By Carlo Longino, Tue Oct 26 22:15:00 GMT 2004
The trade group of US mobile operators says an MMS interoperability group has come up with some guidelines that will let carriers interconnect their multimedia messaging systems "over time." Will they never learn?
The Cellular Telecommunications and Internet Association is hailing the agreement as a "landmark pact", but it's really quite underwhelming. Landmark would have been saying all US carriers are now interconnected, but all that's happened is a group that convened back in May to identify "a common feature set that could be supported by all participating carriers" has developed some sort of framework to technically facilitate interop. The carriers must now iron out deals with each other to connect their networks.

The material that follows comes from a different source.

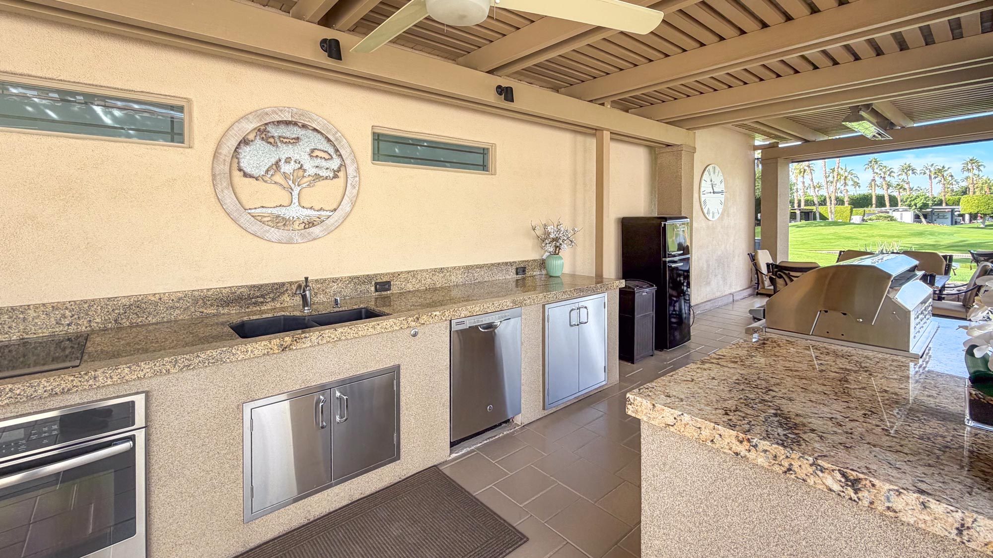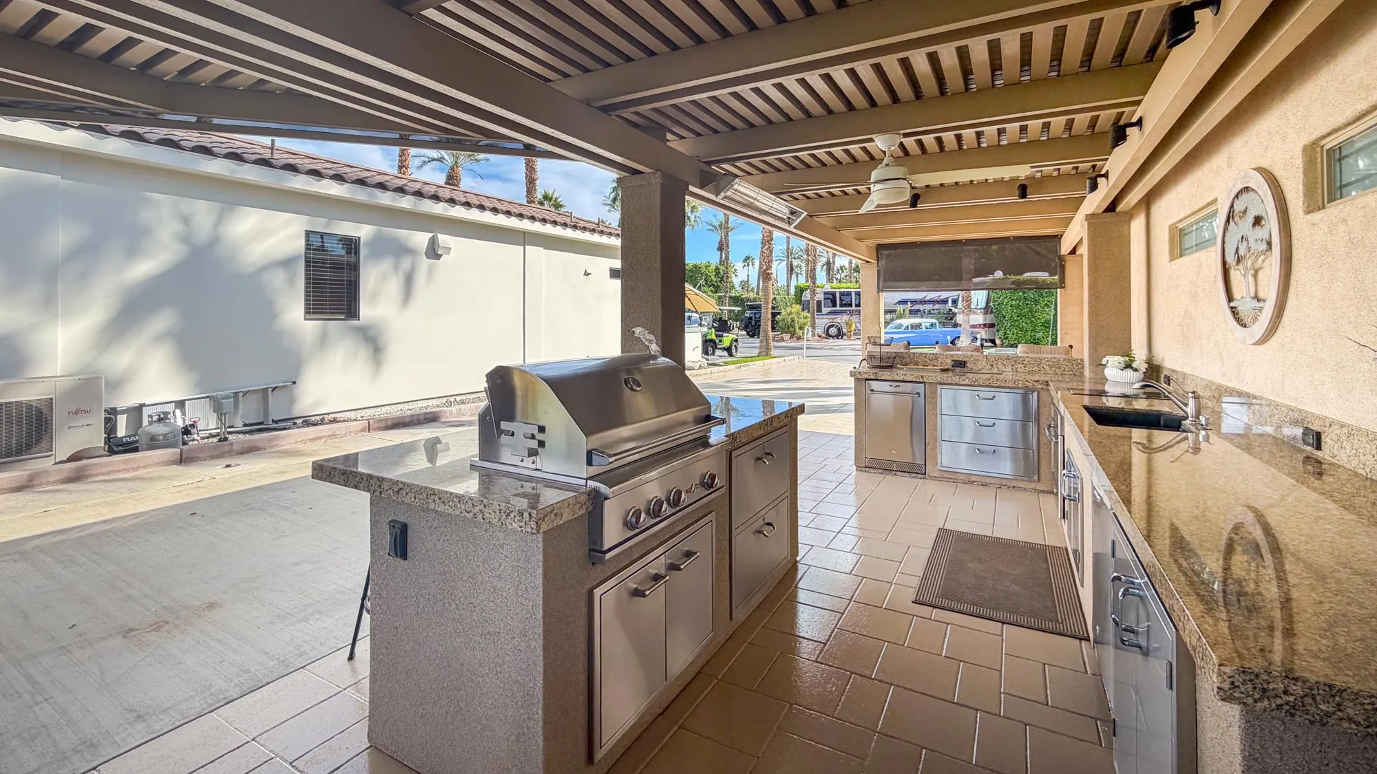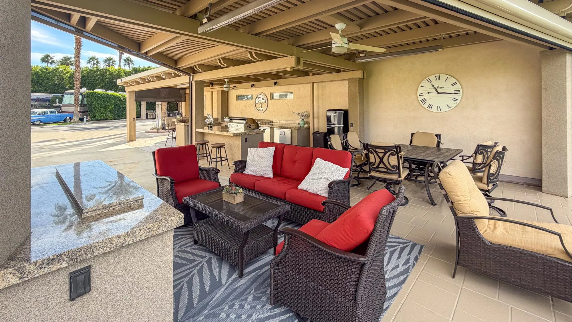 The outdoor kitchen and entertainment space are a dream for entertainers, featuring over 24 feet of granite countertops, a 7-foot island with a built-in bar, a 32-inch BBQ, GE convection oven, full-size dishwasher, commercial-grade under-counter refrigerator and brand new cooktop. The furnished space includes a dining table for eight, a patio couch, swivel chairs, and bar stools. A full stucco privacy wall with inset frosted windows enhances seclusion, while the entertainment center boasts a new pop-up 50-inch TV. Comfort is ensured with two ceiling fans, three electric heaters, and two motorized drop-down screens, creating the perfect environment for any occasion. With ambient lighting and stylish finishes, this lot offers an exceptional blend of luxury and functionality, ideal for embracing the RV lifestyle in comfort and style.

Two points immediately jump out -- was MMS not standard enough, and what's the difference from the guidelines other US trade groups issued nearly six months ago?
It's unbelievable that interoperability and interconnection is still a concern, not just for MMS, but for newer services like push-to-talk and video calling. Operators seem to think that they have more to gain by locking these services down to their own networks, presumably in an attempt to make people buy service from the same carriers as their friends and family, than by engendering the development of the services as a whole by making it possible to communicate via these new services with any user.
Call it fax-machine syndrome: somebody had to buy the first fax machine, but they of course didn't have anybody to fax. But this is even worse -- imagine if faxes couldn't be transmitted across international borders, or from the landline network of one telco to another. That would make faxing fairly worthless. While some mobile operators are taking steps such as offering PC applications to let computer users carry out video calls with 3G users, there's little doubt that interoperability, or the lack thereof, will continue to plague mobile services.
With MMS uptake underwhelming in many places, logic would dictate that operators would do anything they could to support the struggling service, and for those that haven't, one step is implementing interop immediately. But the lesson for future services is that trying to lock groups of users to your network by walling them off from their friends and contacts on other networks doesn't do anybody any good.